❸ Add a text source that will display subtitle text on the OBS streaming screen.
- In OBS, click the "+" button under "ソース" and add "テキスト(GDI+)".

・Create a new source and set the name to "Acp". (This is because the default setting for the sample program we prepared this time specifies the name "Acp", so we need to match that.)
If there are no problems, just press OK to add the source for the subtitle text.

❹ Register as a user on ACP and prepare your APPKEY.
This is sample software for ACP users. An APPKEY is required to actually perform speech recognition.
You can find out more about registering an ACP and obtaining an APPKEY in this article.
AmiVoice Cloud Platform-Tech Blog
❺ Open the following link in your web browser. (The latest version of Google Chrome is recommended.)
*We are using obs-websocket-js, which is a JS wrapper for the Websockets API.
You will then see a page like the one below.

❻ Set the source name (configured as "Acp" in the article) for streaming subtitle text as shown in the image, as well as the ACP APPKEY. Add the information necessary for real-time automatic subtitle display in OBS.

❼ With OBS running, press the "OBSと接続" button.
*If the connection is successful, the button will light up red as shown in the image.
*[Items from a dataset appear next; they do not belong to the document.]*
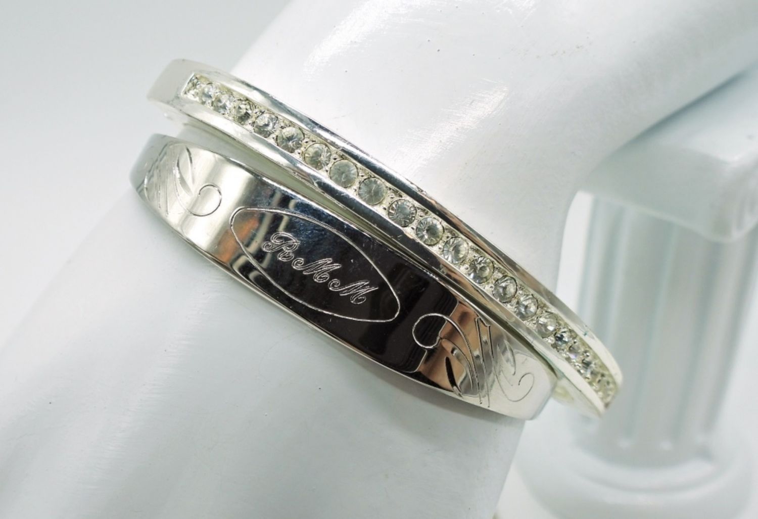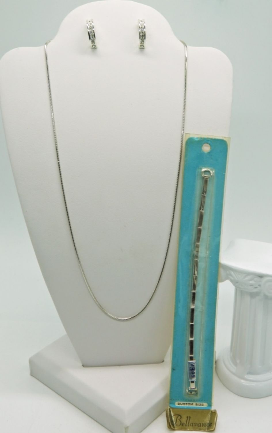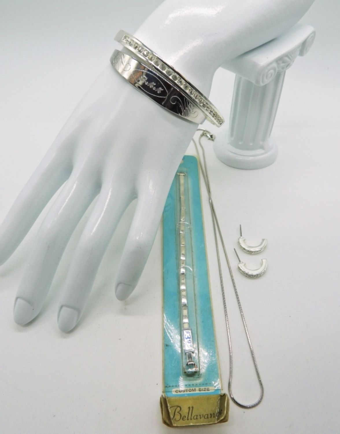 Two Silver Tone Bracelets with Engraving & Gemstones. Silver Tone Chain (16 in), Hoop Gemstone Earrings and Vintage Watch band still in the package.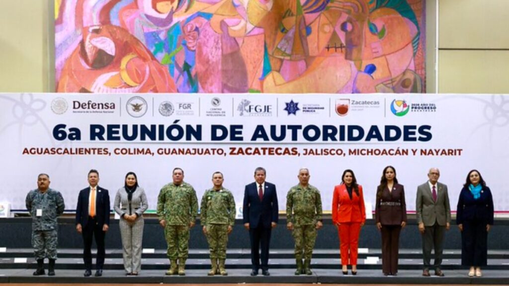 En el encuentro participan David Monreal Ávila, Gobernador de Zacatecas; María Teresa Jiménez Esquivel, Gobernadora de Aguascalientes; Indira Vizcaíno Silva, Gobernadora de Colima; Libia Dennise García Muñoz Ledo, Gobernadora de Guanajuato; Miguel Ángel Navarro Quintero, Gobernador de Nayarit; y Raúl Zepeda Villaseñor, Secretario General de Gobierno del Estado de Michoacán, además de autoridades federales y militares.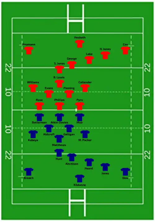 - Jasmine Joyce-Butchers, Kelsey Jones, and Nel Metcalfe were originally named in the respectively in the Welsh starting line-up on the wing, bench at hooker and bench on the wing, but withdrew before the match due to injuries. They were replaced by Lisa Neumann, Molly Reardon, and Courtney Keight respectively.[21][23]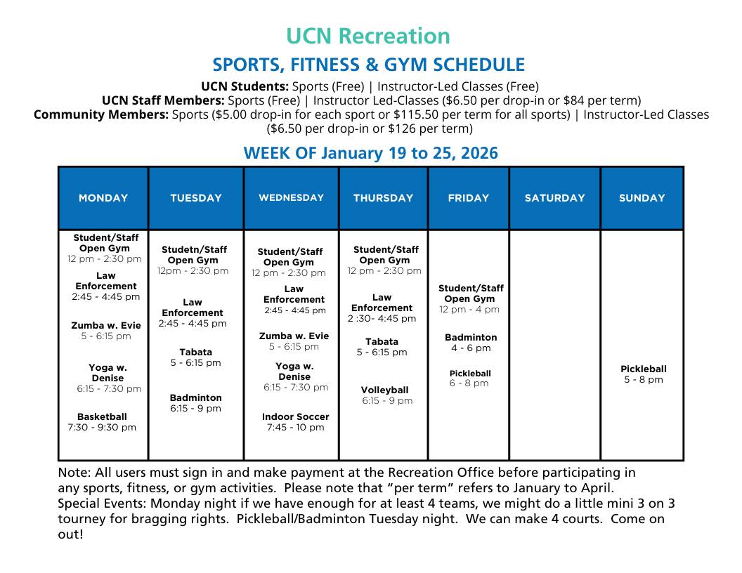 More information, including current and upcoming schedules, can be found on the UCN Student Life at The Pas Campus Facebook page.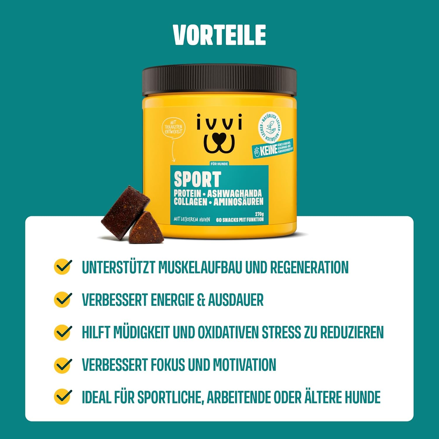 ivvi Sport – Функционални закуски за кучета | С протеин, ашваганда, колаген и аминокиселини | Подпомага изграждането и регенерацията на мускулите | 60 меки закуски (270 г)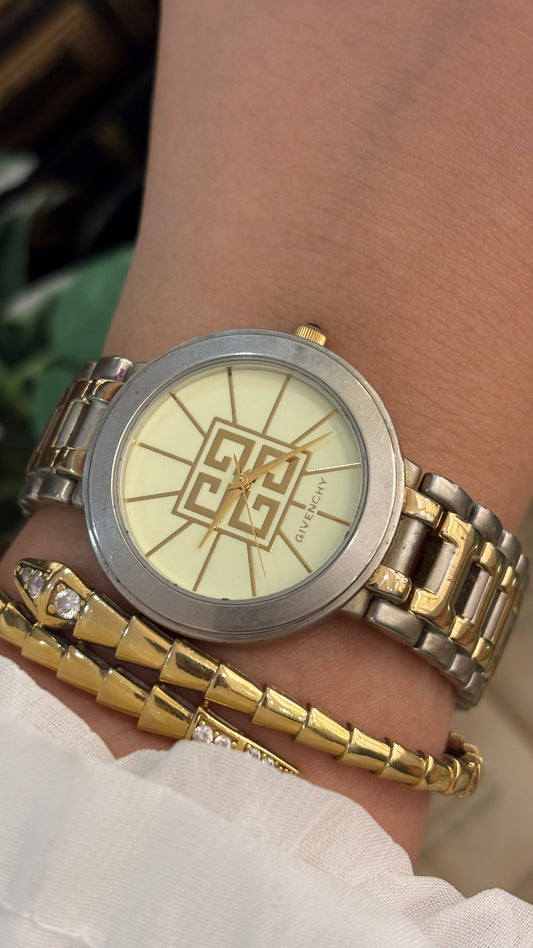 Rare Vintage Givenchy Swiss Mens Classic Watch in Two-Tone Logo Dial Quartz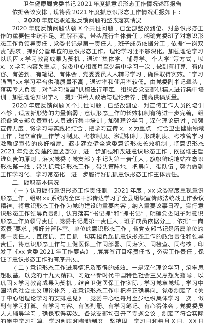 20220120卫生健康局党委书记2021年度抓意识形态工作情况述职报告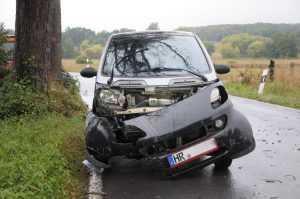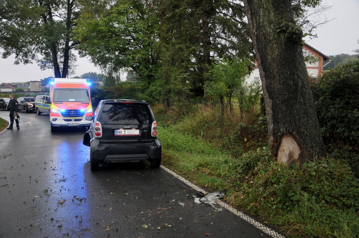 Schwalmstadt – Eher leichte Verletzungen zog sich ein 19-jährige Fahrerin aus Schwalmstadt bei einem Verkehrsunfall zwischen Allendorf-Landsburg und Dittershausen am Mittwoch zu. Aus bislang ungeklärten Umständen kam die junge Frau mit ihrem Fahrzeug von der Fahrbahn ab und kollidierte mit einem Baum. Die Schwalmstädterin war mit ihrem Fahrzeug von Allendorf-Landsburg in Richtung Dittershausen unterwegs, als sie aus bislang ungeklärten Umständen Ausgangs einer Rechtskurve über die Gegenfahrbahn fuhr und dort mit einem Baum kollidierte. Während das Fahrzeug erheblich beschädigt wurde, zog sich die 19 Jährige durch den Aufprall eher leichte Verletzungen zu. Bis zum Eintreffen des Rettungsdienstes kümmerten sich Ersthelfer um die Verunfallte, welche ihr Fahrzeug eigenständig verlassen konnte. Der Rettungsdienst brachte die Schwalmstädterin nach ihrer Erstversorgung ein umliegendes Krankenhaus. Auf der K 103 kam es während der Rettungs- und Bergungsmaßnahmen zu kurzfristigen Vollsperrungen. Im Einsatz waren ein Rettungswagen, ein Notarzt, sowie die Polizei Schwalmstadt. Zur Unfallursache konnten vor Ort keine abschließenden Angaben gemacht werden. (mpu)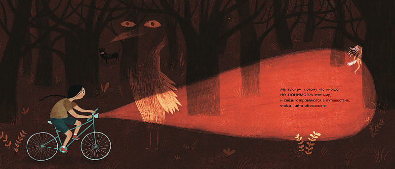 Мало кто знает, но я также большая собирательница страхов. У меня есть красный страх, яркий, как свежая кровь; есть другой — огромный, тёмный и вязкий; есть у меня и страх крохотный, как зёрнышко риса; и даже страх, который умеет свистеть. Один раз меня посетил страх, как две капли воды похожий на меня, только с огромными глазами. А ещё у меня был страх в форме чёрного яйца, тяжёлого и хрупкого, похожего на то, которое я нарисовала для этой истории.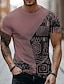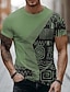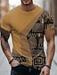 Camiseta masculina com estampa tribal em amarelo mostarda, manga curta e gola redonda, tamanhos P, M, G, GG, XGG e XXGG.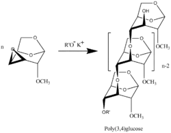 Polymerization of 3,4-epoxy levoglucosan (1,6;3,4-dianhydro-2-O-alkyl-β-D-galactopyranose) results in formation 3,4-bounded levoglucosan polymer.[11]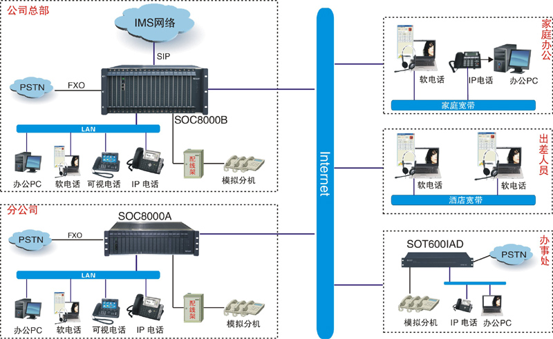 Ø 公司總部:在總部機(jī)房部署一臺SOC8000IPPBX,單機(jī)最大容量為1536線,通過SIP協(xié)議注冊到移動IMS平臺;同時(shí)提供E1/FXO接口與企業(yè)原電信運(yùn)營商連接;通過以太網(wǎng)口接入Internet局域網(wǎng);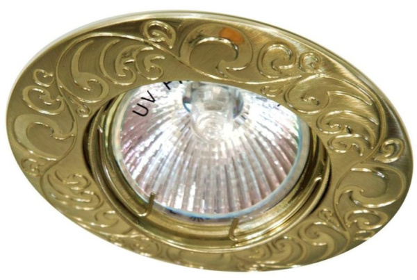 Светильник потолочный встраиваемый (ИВО) FERON DL2005, классика MR16 G5.3, золото, круг, 90*90*25мм, монтажное отверстие 75мм, поворотный.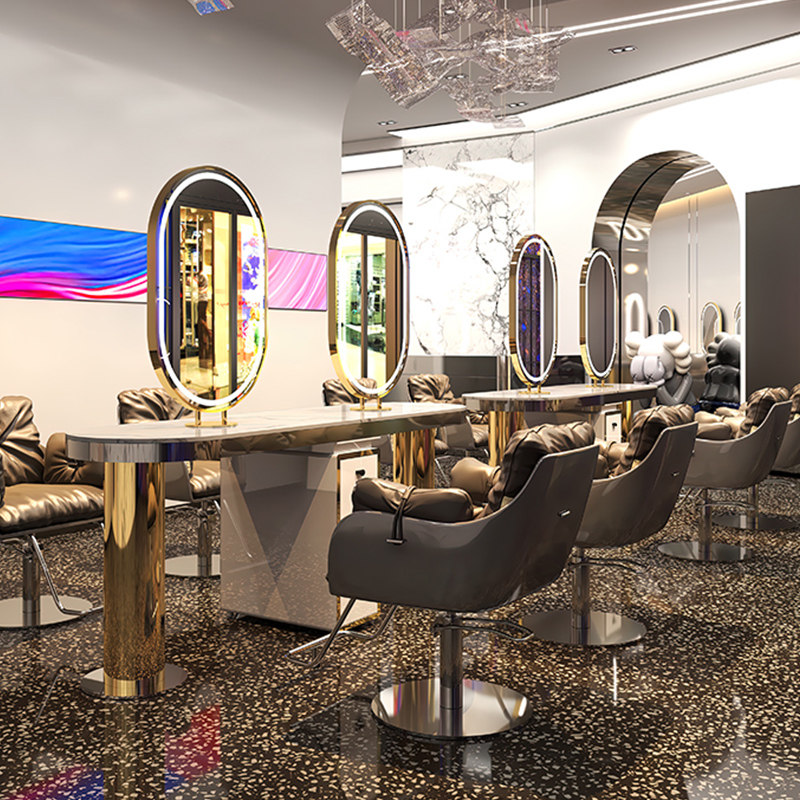 Hairdressing shop mirror table net red high-end hair salon mirror hair salon special cabinet all-in-one with lamp hair cutting mirror ironing mirror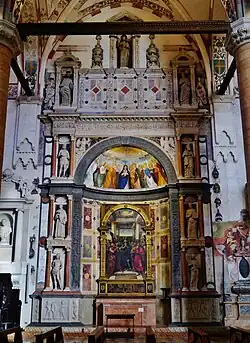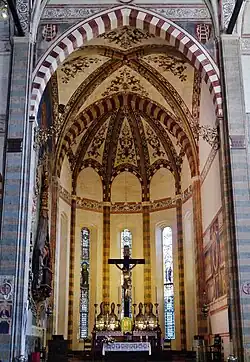 The presbytery is raised a few steps above the rest of the basilica and occupies the entire area of the high apse, preceded by a square bay covered by a cross vault; on the right wall is the Last Judgement, attributed to Turone di Maxio,[61] while on the left wall is the monument to Cortesia Serego, a condottiere in the time of the Scaligeri.[62] The high altar, dedicated to St. Peter the Martyr, is made of light yellow marble and was built and consecrated in 1952; previously it was made of a red stone that was later placed at the base of the modern altar. In the center of the altar is a simple marble tabernacle, placed on March 22, 1529, at the behest of Alessandro dal Monte, who paid for it;[63] above it is a large painted wooden crucifix.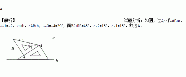 将一副三角板和一张对边平行的纸条按如图摆放,两个三角板的一直角边重合,含30°角的直角三角板的斜边与纸条一边重合,含45°角的三角板的一个顶点在纸条的另一边上,则∠1的度数是( )
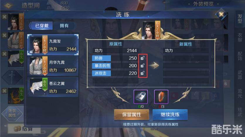 洗练时,点击锁头可保留左侧属性。锁住的原属性洗练后不会变更。点击保留属性新属性会覆盖未锁定的原属性。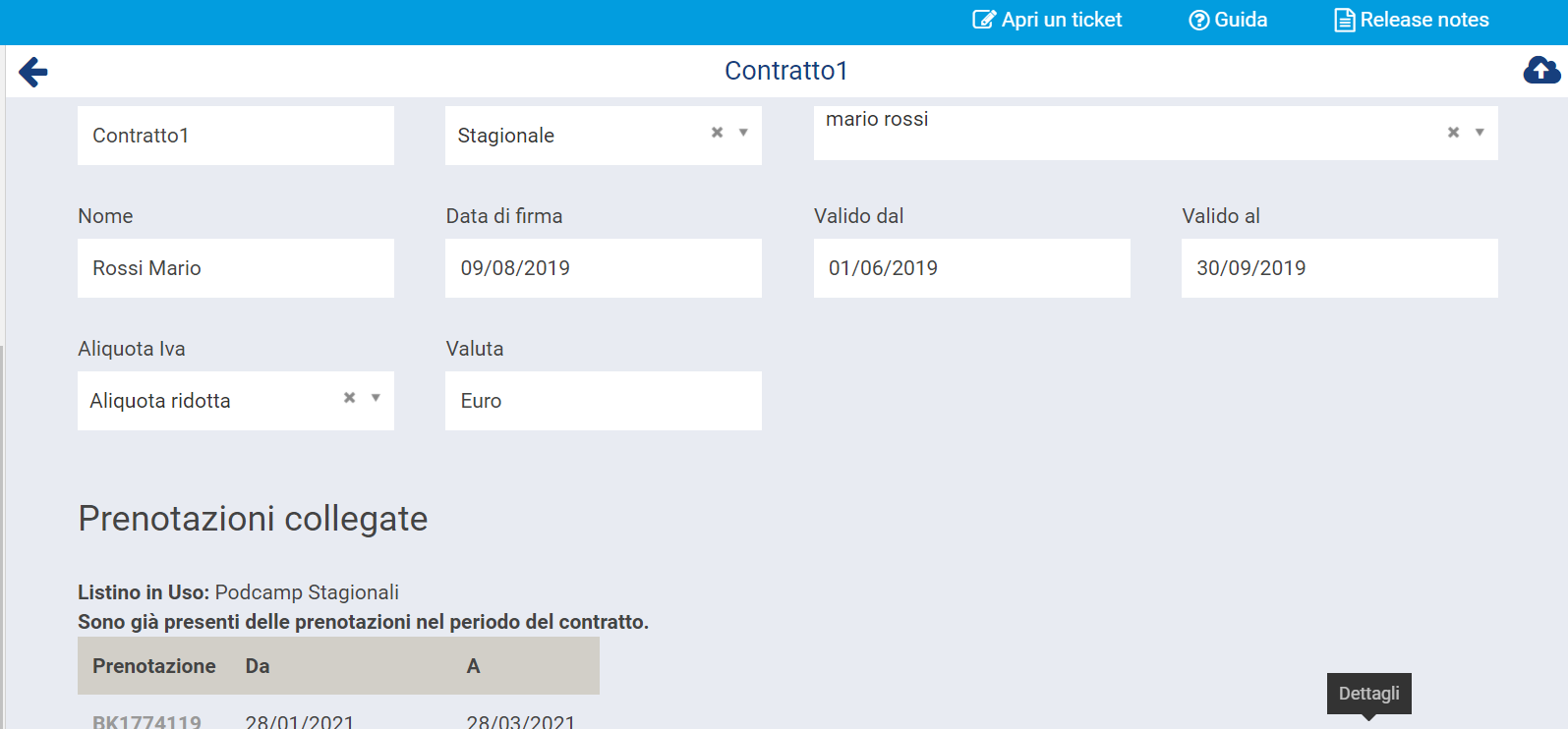 - la funzionalità apparirà nella sezione dettagli del contratto ed è semplice da usare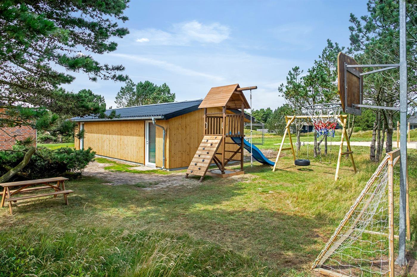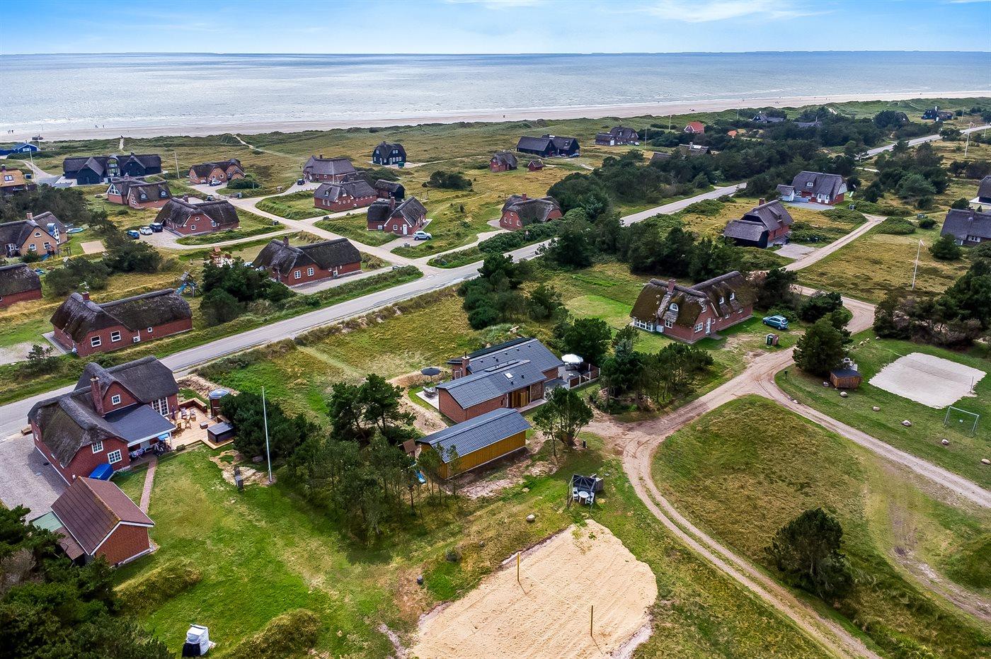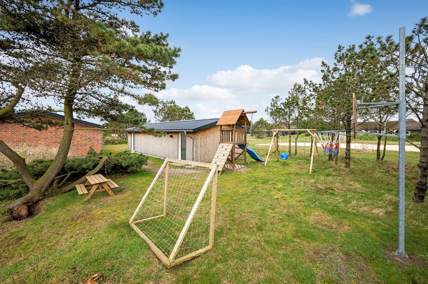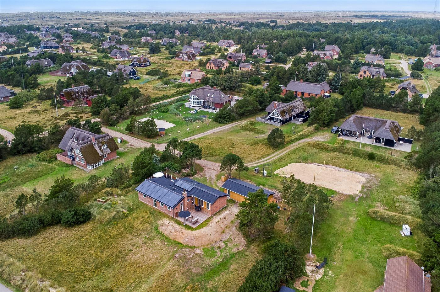 Ferieboligen er beliggende på en 2500 m² stor naturgrund. Der er 200 m til havet. Nærmeste forretning er beliggende i en afstand af 1000 m. Til ferieboligen hører 72 m² terrasseareal. Desuden er der 22 m² overdækket terrasse. Der er redskabsrum. Gynge. Sandkasse. Legetårn. Rutchebane. Basketkurv. Udendørs bruser. Der er garage til rådighed. Der er installeret stik til opladning af elbil. Type 2 stik. Parkering ved ferieboligen.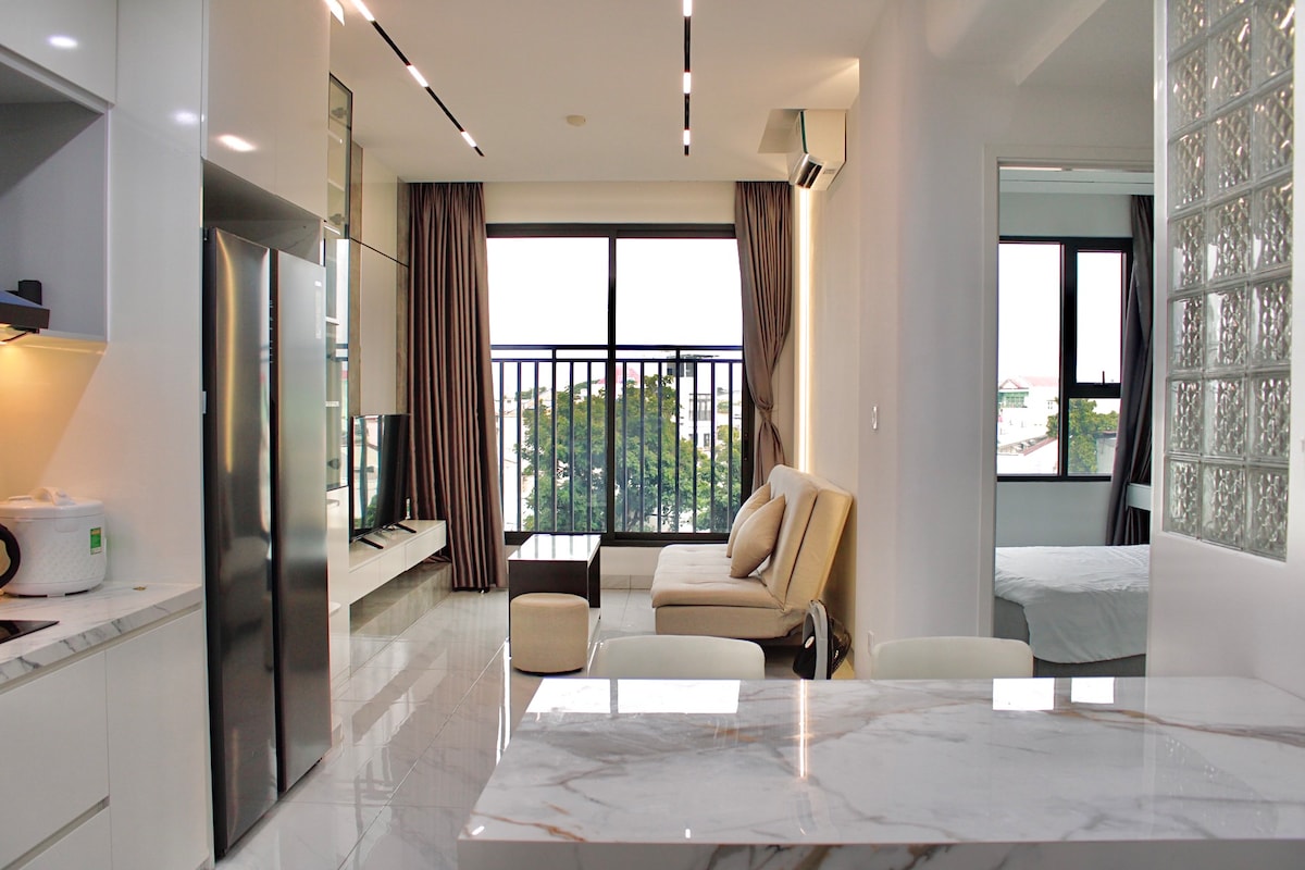 Căn hộ dịch vụ hiện đại được trang bị đầy đủ nội thất. Phong cách đơn giản trẻ trung. Toà nhà mới xây dựng, sạch sẽ, yên tĩnh và thoáng mát với balcon riêng mỗi phòng.

❽ When you press the "録音の開始" button, speech recognition will begin and subtitles will be displayed in OBS.
*If the message "このファイルが次の許可を求めています" appears, grant permission to use the microphone.
(Please adjust the position and size of the source where the subtitle text is displayed on the OBS side as appropriate.)

It seems that you can try out the real-time automatic subtitles right away by opening it in your web browser!
For information on setting up OBS-websocket and subtitles, the following links may be helpful.
https://mikune.com/yukarinatteconnector-obs-settings/#toc11
3. I tried it

Wow! What I said is actually showing up on the stream screen! Since it's an OBS stream screen element, it looks like the font and size can be freely customized. There's also an automatic line break feature based on character count, so there's no worry about the subtitle content getting cut off.
Since AmiVoice is used as the speech recognition source, it seems to reliably recognize punctuation marks and registered user-defined words as well.
However, it seems like there is a slight discrepancy between the audio and subtitles.
Do you want to customize it in various ways?
4. Summary
I looked into how to display the results of speech recognition using ACP as real-time automatic subtitles in OBS.
ACP offers several types of speech recognition engines, but for video streaming, I personally recommend "Conversation_General-purpose" engine! (As of November 2021)
If there is any demand from you all, we may consider developing a more accurate speech recognition engine specifically for video streaming.
Could your voice be used to create a "video streaming specialized engine"?
[Bonus] Real-time automatic subtitles and synchronized audio and subtitles on the stream
This article is aimed at people who have some experience with OBS, but it will show you how to synchronize video/audio sources with subtitles on your stream.
This is quite a powerful technique, so please use it as a reference only.
Real-time automatic subtitle delay
When you watch movies or TV shows with subtitles, the subtitles are probably displayed at a timing that is just right for easy reading.
However, for automatic subtitles that "use speech recognition to generate subtitles in real-time", such as those used in live broadcasts and web streaming, there is a delay (lag) until the recognition results are displayed.
Therefore, the content of these subtitles will be displayed slightly behind the audio and video.
It's true that in the stream, the subtitle content seems to be out of sync with the audio and video...
This [bonus section] introduces methods for improving the "lag between audio/video" that is characteristic of real-time automatic subtitles.
How video, audio and subtitles are synchronized
This system aims to eliminate delays in the display of subtitles by intentionally delaying (offsetting) the video and audio that are actually being streamed by a few seconds.
Let's set it up specifically on the OBS screen.
Audio source synchronization (sync offset)
In my environment, there was a delay of about 2.5 seconds between when someone spoke and when the subtitles appeared. Below, I will explain how to eliminate this 2.5 second delay.
❶ Click the gear icon for any audio input capture in the OBS "音声ミキサー" ⇒ Select "オーディオの詳細プロパティ".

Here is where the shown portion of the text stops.